(RECORDS SUPPLIED)

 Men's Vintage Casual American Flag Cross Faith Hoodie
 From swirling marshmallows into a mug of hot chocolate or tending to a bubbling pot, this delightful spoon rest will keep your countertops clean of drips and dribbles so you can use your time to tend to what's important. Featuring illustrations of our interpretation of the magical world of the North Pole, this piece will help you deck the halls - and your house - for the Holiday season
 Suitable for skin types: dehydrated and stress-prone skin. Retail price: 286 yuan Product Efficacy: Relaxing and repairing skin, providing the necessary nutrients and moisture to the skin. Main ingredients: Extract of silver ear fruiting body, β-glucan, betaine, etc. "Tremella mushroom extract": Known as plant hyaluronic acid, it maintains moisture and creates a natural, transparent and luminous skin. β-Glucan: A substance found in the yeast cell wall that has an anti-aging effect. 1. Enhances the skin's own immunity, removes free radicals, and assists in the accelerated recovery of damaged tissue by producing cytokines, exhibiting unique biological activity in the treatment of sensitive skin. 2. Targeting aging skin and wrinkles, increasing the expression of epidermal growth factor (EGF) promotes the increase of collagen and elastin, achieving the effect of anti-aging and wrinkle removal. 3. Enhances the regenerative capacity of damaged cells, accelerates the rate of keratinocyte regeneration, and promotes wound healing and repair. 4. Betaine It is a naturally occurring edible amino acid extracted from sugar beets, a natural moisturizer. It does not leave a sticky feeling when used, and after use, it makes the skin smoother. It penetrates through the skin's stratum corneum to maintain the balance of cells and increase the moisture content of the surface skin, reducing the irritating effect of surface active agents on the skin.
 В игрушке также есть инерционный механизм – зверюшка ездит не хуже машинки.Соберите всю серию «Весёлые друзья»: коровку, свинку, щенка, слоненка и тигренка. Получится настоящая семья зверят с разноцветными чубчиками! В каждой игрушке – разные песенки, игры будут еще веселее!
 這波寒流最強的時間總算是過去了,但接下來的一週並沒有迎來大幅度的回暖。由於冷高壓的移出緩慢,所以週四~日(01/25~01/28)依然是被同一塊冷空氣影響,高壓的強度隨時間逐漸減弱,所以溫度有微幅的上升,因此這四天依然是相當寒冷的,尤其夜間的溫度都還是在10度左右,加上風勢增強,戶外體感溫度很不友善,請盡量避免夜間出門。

(End RECORDS SUPPLIED)

● TASK GOAL:
Each line from the one containing "В игрушке также" through the last line of the entries is to be copied exactly, with no other lines added.

● EXPECTED OUTPUT:
 В игрушке также есть инерционный механизм – зверюшка ездит не хуже машинки.Соберите всю серию «Весёлые друзья»: коровку, свинку, щенка, слоненка и тигренка. Получится настоящая семья зверят с разноцветными чубчиками! В каждой игрушке – разные песенки, игры будут еще веселее!
 這波寒流最強的時間總算是過去了,但接下來的一週並沒有迎來大幅度的回暖。由於冷高壓的移出緩慢,所以週四~日(01/25~01/28)依然是被同一塊冷空氣影響,高壓的強度隨時間逐漸減弱,所以溫度有微幅的上升,因此這四天依然是相當寒冷的,尤其夜間的溫度都還是在10度左右,加上風勢增強,戶外體感溫度很不友善,請盡量避免夜間出門。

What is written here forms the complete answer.